* [Material shown]:
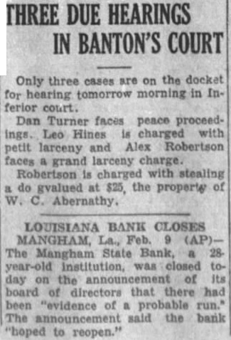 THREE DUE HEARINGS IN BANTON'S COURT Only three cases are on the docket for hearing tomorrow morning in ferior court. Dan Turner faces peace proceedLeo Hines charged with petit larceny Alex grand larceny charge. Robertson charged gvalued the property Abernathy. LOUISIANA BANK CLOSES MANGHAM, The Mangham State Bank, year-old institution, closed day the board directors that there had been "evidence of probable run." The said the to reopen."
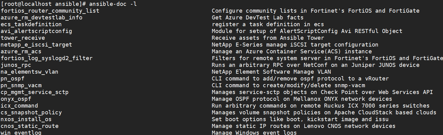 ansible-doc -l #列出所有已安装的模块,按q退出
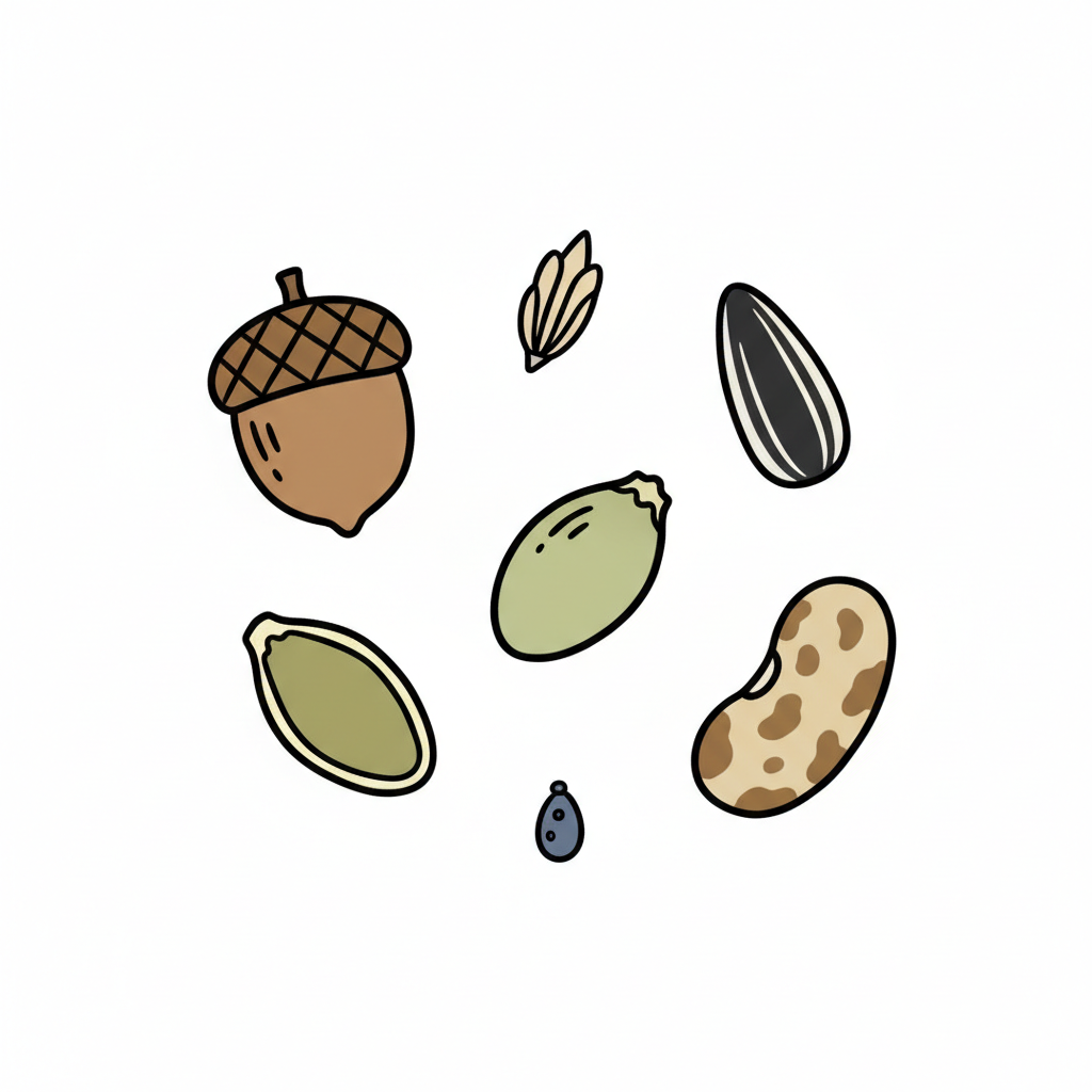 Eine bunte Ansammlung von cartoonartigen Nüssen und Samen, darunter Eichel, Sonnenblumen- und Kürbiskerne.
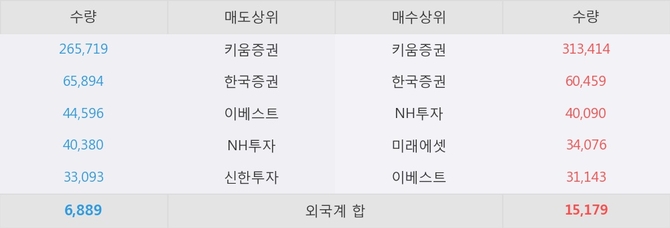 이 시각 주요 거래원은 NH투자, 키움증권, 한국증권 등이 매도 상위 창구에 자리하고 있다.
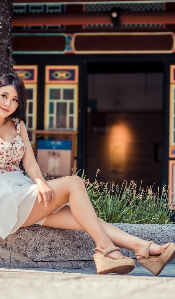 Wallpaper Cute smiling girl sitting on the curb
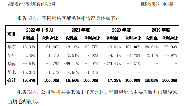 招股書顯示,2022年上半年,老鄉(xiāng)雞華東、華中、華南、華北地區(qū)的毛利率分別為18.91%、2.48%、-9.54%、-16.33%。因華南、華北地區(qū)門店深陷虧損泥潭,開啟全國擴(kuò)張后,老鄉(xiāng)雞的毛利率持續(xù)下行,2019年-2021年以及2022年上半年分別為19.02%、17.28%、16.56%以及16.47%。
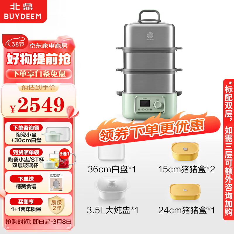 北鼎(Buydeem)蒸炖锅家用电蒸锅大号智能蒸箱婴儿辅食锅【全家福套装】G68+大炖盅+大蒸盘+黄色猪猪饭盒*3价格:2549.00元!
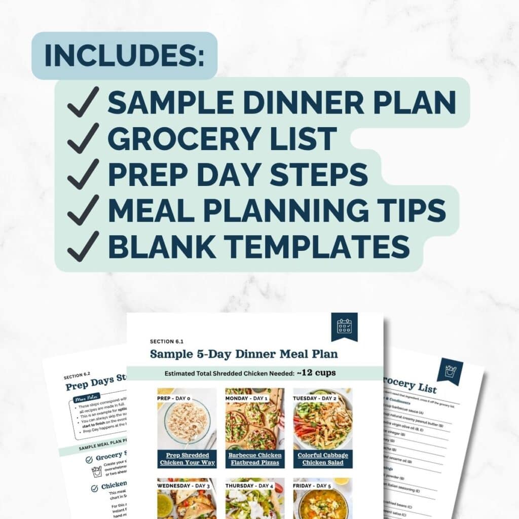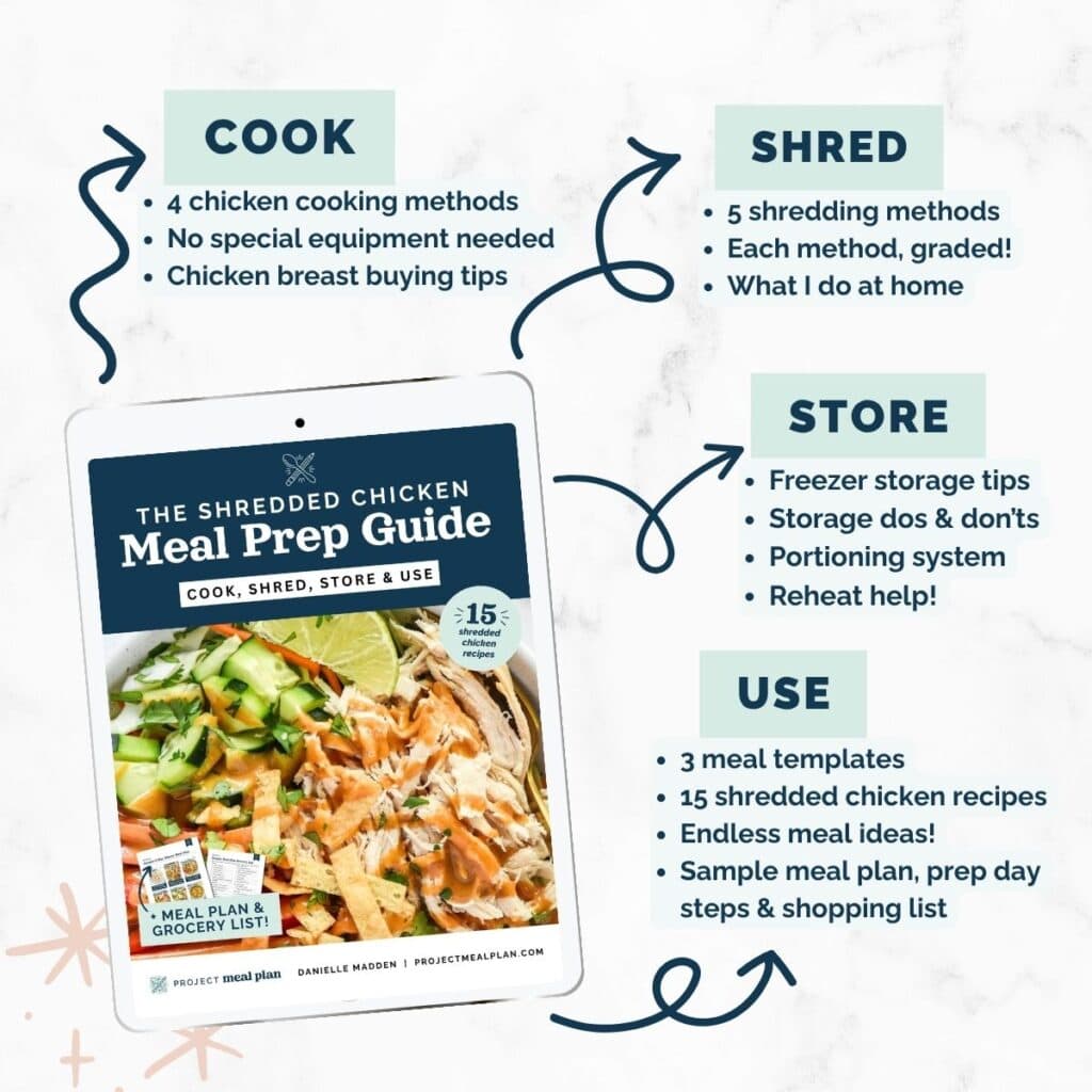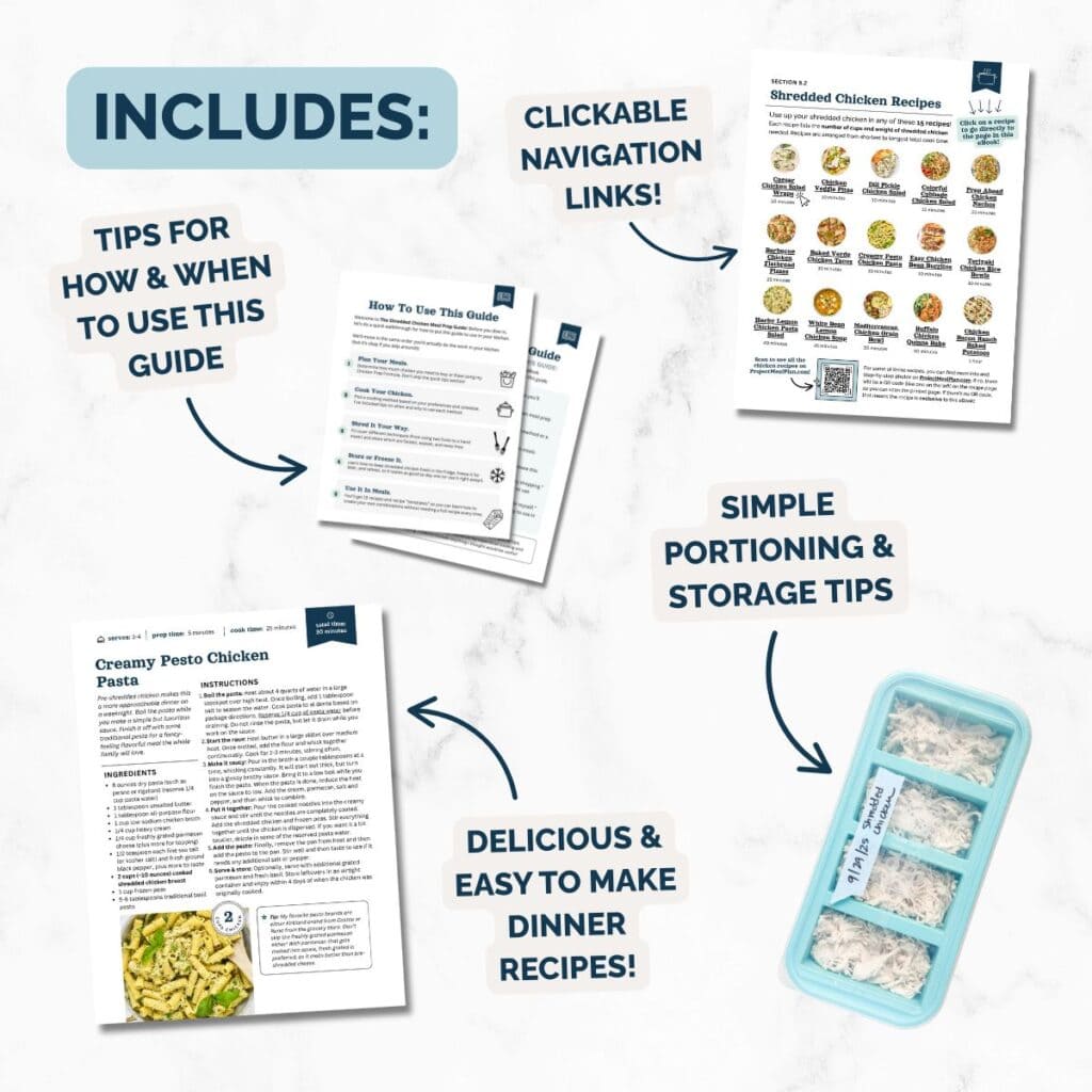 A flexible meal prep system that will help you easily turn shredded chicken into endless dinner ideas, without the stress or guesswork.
---
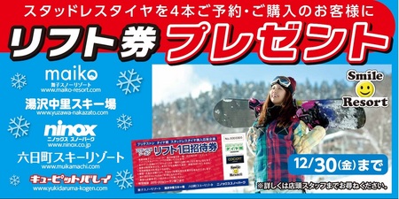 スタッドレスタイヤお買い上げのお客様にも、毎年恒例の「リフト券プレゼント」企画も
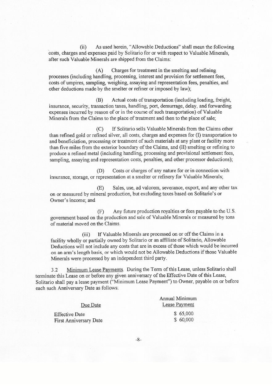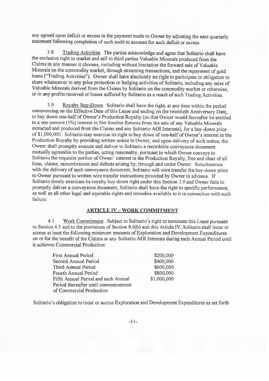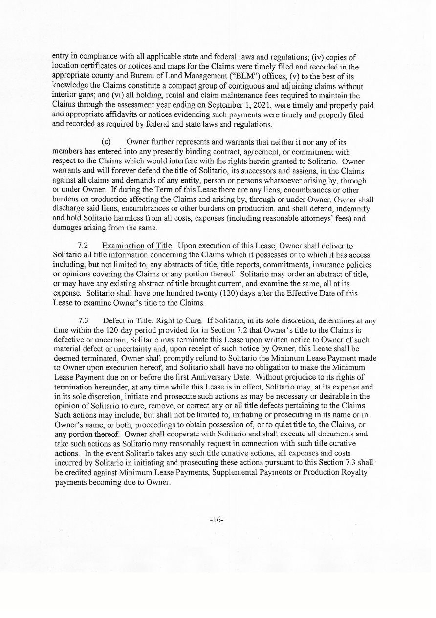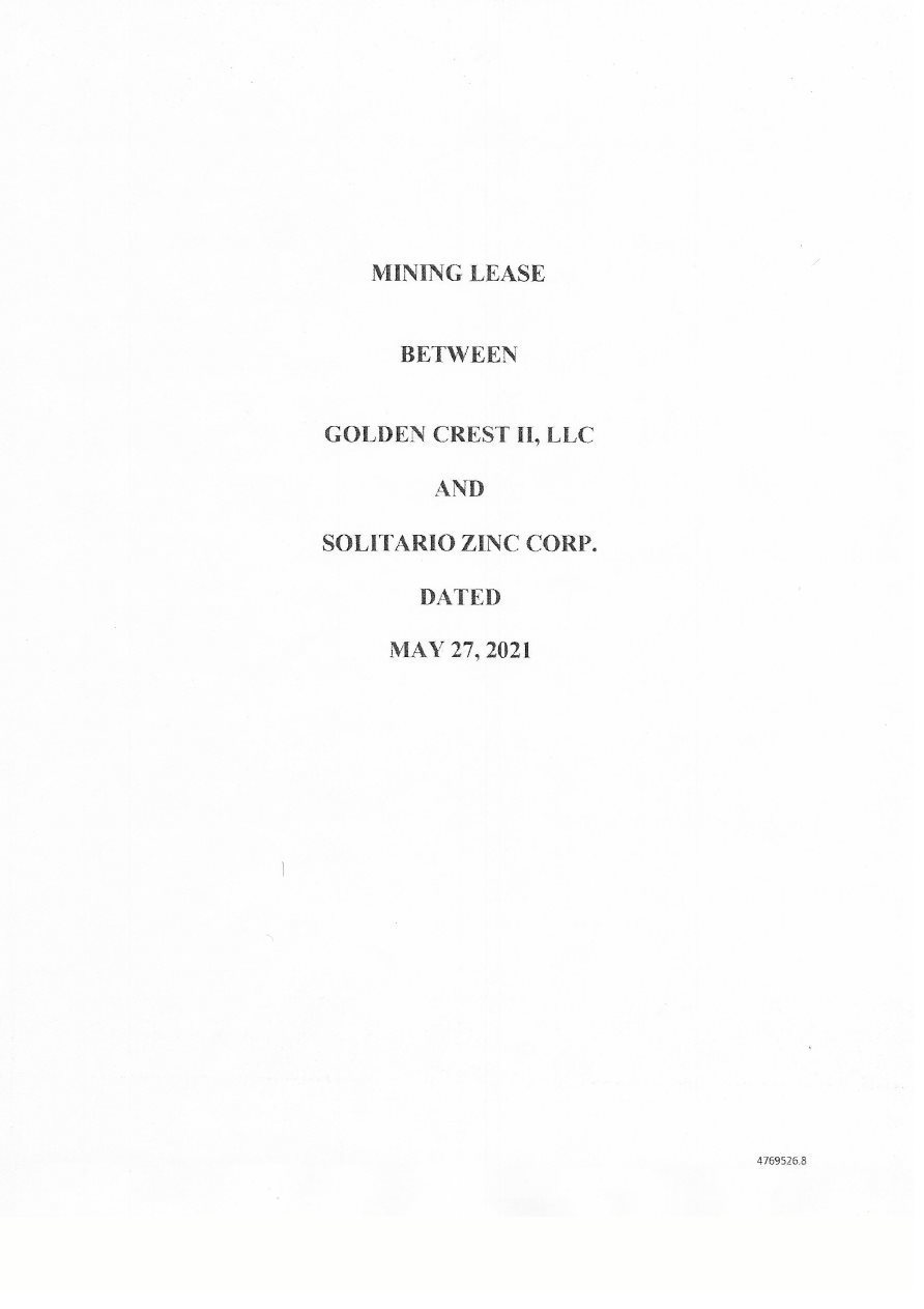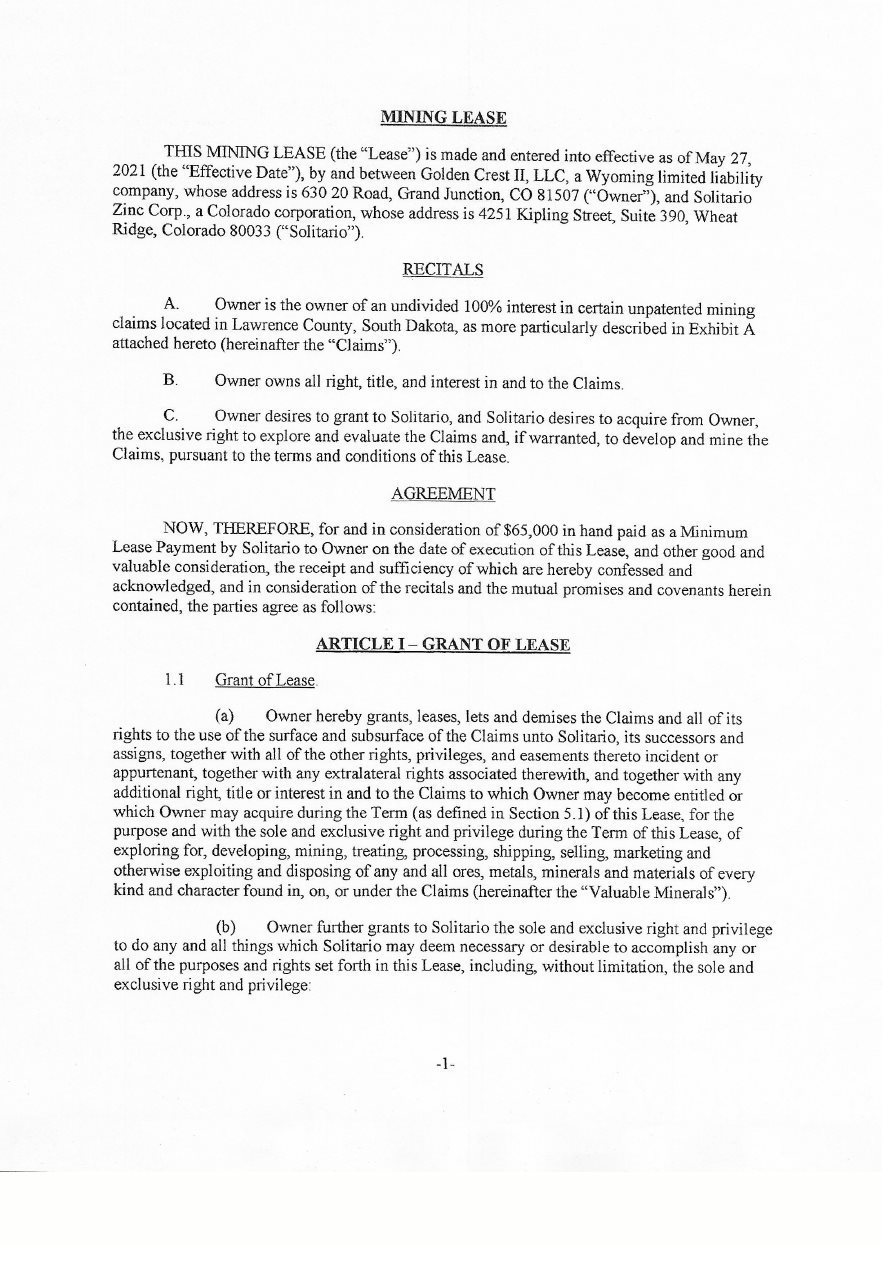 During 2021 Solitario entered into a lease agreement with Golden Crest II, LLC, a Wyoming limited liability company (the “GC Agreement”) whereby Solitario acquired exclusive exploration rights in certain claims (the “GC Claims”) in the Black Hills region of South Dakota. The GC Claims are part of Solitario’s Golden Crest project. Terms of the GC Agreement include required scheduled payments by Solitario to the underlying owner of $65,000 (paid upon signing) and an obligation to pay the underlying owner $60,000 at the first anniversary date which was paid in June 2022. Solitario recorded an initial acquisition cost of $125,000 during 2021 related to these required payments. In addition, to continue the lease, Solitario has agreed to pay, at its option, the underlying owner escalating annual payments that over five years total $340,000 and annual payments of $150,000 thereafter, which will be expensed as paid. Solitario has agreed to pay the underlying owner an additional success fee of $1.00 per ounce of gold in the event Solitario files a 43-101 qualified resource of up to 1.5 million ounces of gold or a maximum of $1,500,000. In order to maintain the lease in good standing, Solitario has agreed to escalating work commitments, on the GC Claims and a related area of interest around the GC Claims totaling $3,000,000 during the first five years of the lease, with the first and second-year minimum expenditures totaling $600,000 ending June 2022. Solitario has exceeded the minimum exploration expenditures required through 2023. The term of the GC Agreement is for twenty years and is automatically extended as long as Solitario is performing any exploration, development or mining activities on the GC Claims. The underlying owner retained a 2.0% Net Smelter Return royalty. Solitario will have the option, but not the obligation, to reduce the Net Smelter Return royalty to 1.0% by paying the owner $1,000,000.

* [Activity]: Starting at the line above that holds "THREE DUE HEARINGS", return each line up to and including the one that holds "A flexible meal", exactly as written, minus any pictures.

* [Task output]:
 THREE DUE HEARINGS IN BANTON'S COURT Only three cases are on the docket for hearing tomorrow morning in ferior court. Dan Turner faces peace proceedLeo Hines charged with petit larceny Alex grand larceny charge. Robertson charged gvalued the property Abernathy. LOUISIANA BANK CLOSES MANGHAM, The Mangham State Bank, year-old institution, closed day the board directors that there had been "evidence of probable run." The said the to reopen."
 ansible-doc -l #列出所有已安装的模块,按q退出
 Eine bunte Ansammlung von cartoonartigen Nüssen und Samen, darunter Eichel, Sonnenblumen- und Kürbiskerne.
 이 시각 주요 거래원은 NH투자, 키움증권, 한국증권 등이 매도 상위 창구에 자리하고 있다.
 Wallpaper Cute smiling girl sitting on the curb
 招股書顯示,2022年上半年,老鄉(xiāng)雞華東、華中、華南、華北地區(qū)的毛利率分別為18.91%、2.48%、-9.54%、-16.33%。因華南、華北地區(qū)門店深陷虧損泥潭,開啟全國擴(kuò)張后,老鄉(xiāng)雞的毛利率持續(xù)下行,2019年-2021年以及2022年上半年分別為19.02%、17.28%、16.56%以及16.47%。
 北鼎(Buydeem)蒸炖锅家用电蒸锅大号智能蒸箱婴儿辅食锅【全家福套装】G68+大炖盅+大蒸盘+黄色猪猪饭盒*3价格:2549.00元!
 A flexible meal prep system that will help you easily turn shredded chicken into endless dinner ideas, without the stress or guesswork.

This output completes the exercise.